Initially, contrary to defendant's contentions, we find that his combined oral and written waiver of appeal was knowing, voluntary and intelligent (see People v Sanders, 25 NY3d 337, 339-341 [2015]; People v Lopez, 6 NY3d 248, 256 [2006]; cf. People v Bradshaw, 18 NY3d 257, 265 [2011]). The minutes of the plea proceedings reflect that when the terms of the plea agreement were outlined, County Court specified that an appeal waiver was a condition of the deal, and defendant confirmed that he understood the terms and thereafter agreed, without [*2]qualification, that he was voluntarily waiving his right to appeal. The court ascertained that defendant understood that he was giving up his right to appeal, explained the appellate rights that could not be waived and expressly advised him that the appeal waiver was separate and distinct from those rights that he automatically forfeited by his guilty plea (see People v Lopez, 6 NY3d at 256; People v Rubio, 133 AD3d 1041, 1042 [2015]). Defendant then executed a written waiver of appeal in open court, which adequately described the scope of the appellate rights that he was waiving and included defendant's acknowledgment that he had sufficient time to discuss the waiver with counsel. While the better practice would have been for the court to specifically ask defendant if he had discussed the appeal waiver with counsel and establish that he had read the written waiver before signing it (see People v Elmer, 19 NY3d 501, 510 [2012]; People v Callahan, 80 NY2d 273, 283 [1992]; People v Rabideau, 130 AD3d 1094, 1095 [2015]), considering "all [of] the relevant facts and circumstances surrounding the waiver," including defendant's experience (People v Sanders, 25 NY3d at 340 [internal quotation marks and citation omitted]), we are satisfied that the oral colloquy, combined with the written waiver, demonstrate his understanding and voluntary waiver of his right to appeal (see People v Bradshaw, 18 NY3d at 266-267; People v Ramos, 7 NY3d 737, 738 [2006]). Consequently, the valid appeal waiver precludes defendant's challenge to the sentence as harsh and excessive (see People v Lopez, 6 NY3d at 255-256; People v Jackson, 129 AD3d 1342, 1342 [2015]).

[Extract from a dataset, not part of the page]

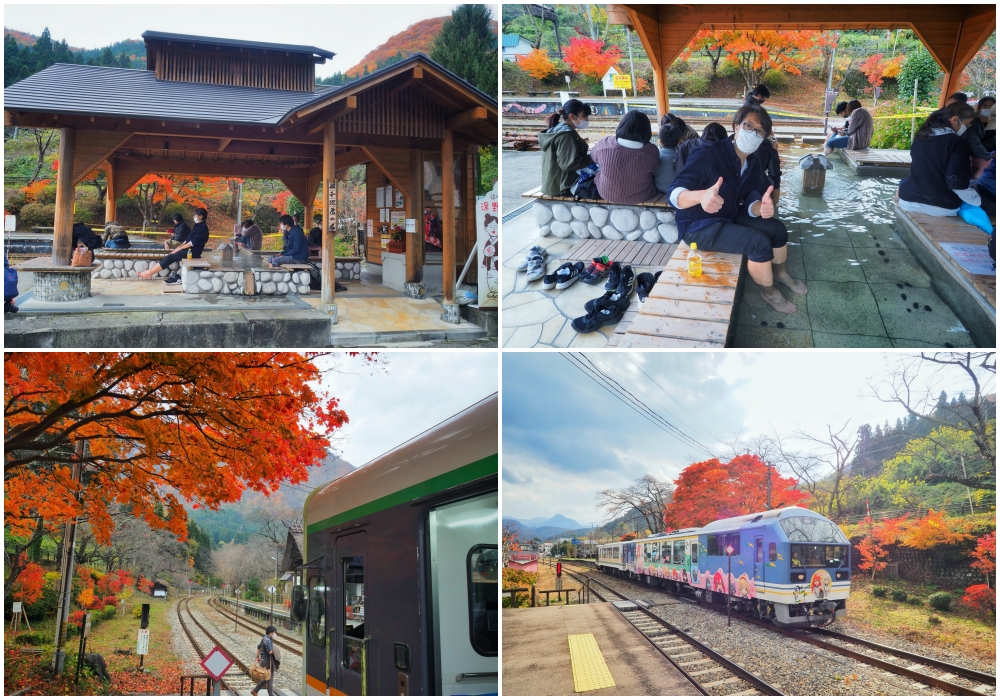 Apart from its vintage architecture and old-style thatched roof (same as the ones at Ouchijuku), this station also has foot bath (足湯 ashiyu) available for free. Soak your foot in the warm water and bask in the beautiful autumn scenery. You will also get a chance to see trains with cute decorations passing by. Nothing beats a short break like this.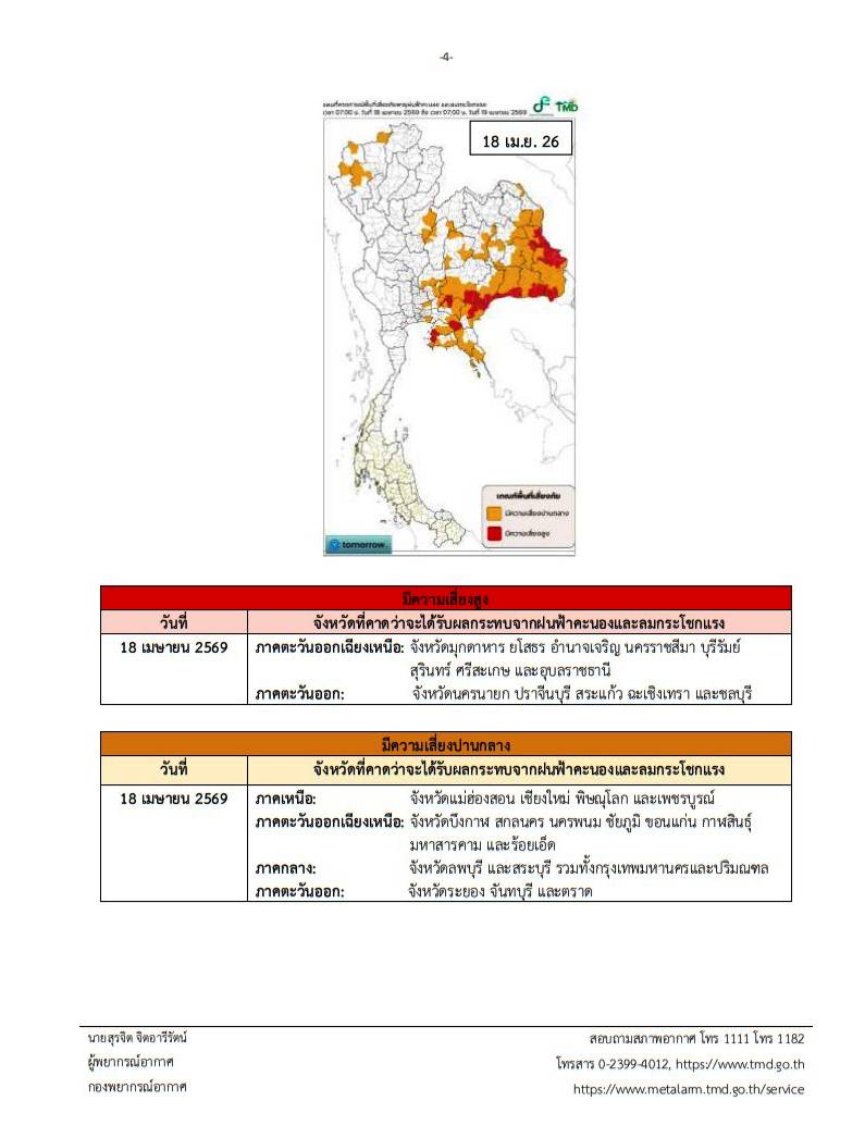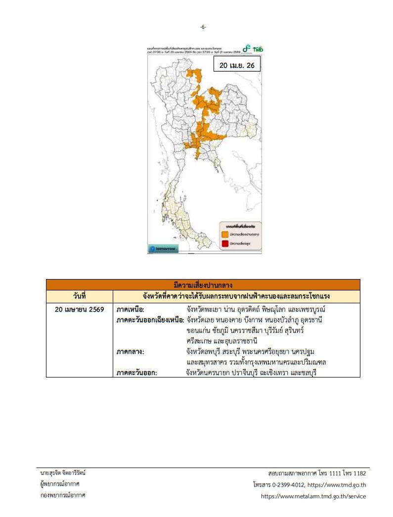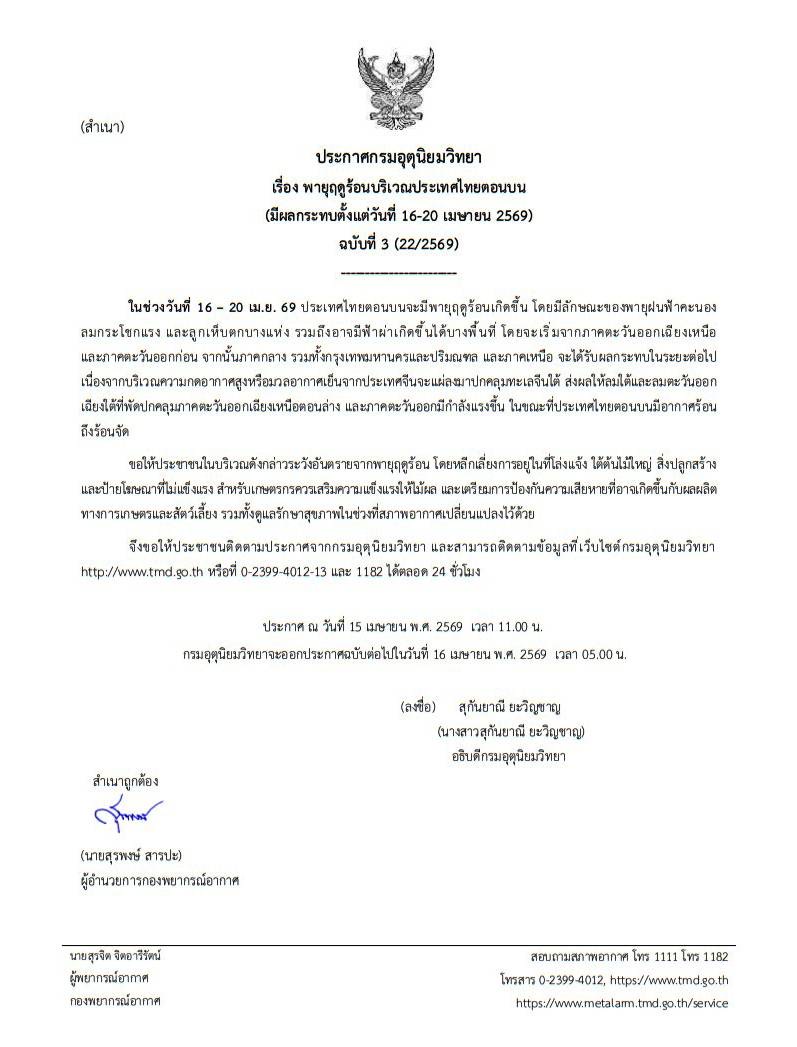 ประกาศฉบับนี้ออก ณ วันที่ 15 เมษายน พ.ศ. 2569 เวลา 11.00 น. โดยกรมอุตุนิยมวิทยาจะออกประกาศฉบับต่อไปใน วันที่ 16 เมษายน พ.ศ. 2569 เวลา 05.00 น. ลงชื่อ นางสาวสุกันยาณี ยะวิญชาญ อธิบดีกรมอุตุนิยมวิทยา รับรองสำเนาถูกต้องโดย นายสุรพงษ์ สารปะ ผู้อำนวยการกองพยากรณ์อากาศ และจัดทำพยากรณ์อากาศโดย นายสุรจิต จิตอารีรัตน์ ผู้พยากรณ์อากาศ กองพยากรณ์อากาศ

Next, defendant argues that County Court incorrectly calculated the expiration date of the permanent orders of protection by failing to factor in jail time credit (see Penal Law § 70.30 [3]). While this issue survives the appeal waiver (see People v Gardner, 129 AD3d 1386, 1387 [2015]), it was not preserved for our review due to defendant's failure to raise it before the sentencing court (see People v Nieves, 2 NY3d 310, 316-317 [2004]; People v Hopper, 123 AD3d 1234, 1235 [2014]). Defendant may directly address this issue before the trial court, and, under the circumstances presented, we decline to exercise our interest of justice jurisdiction to take corrective action. Defendant's remaining claims have been reviewed and determined to lack merit.
McCarthy, J.P., Garry, Devine and Clark, JJ., concur. Ordered that the judgment is affirmed.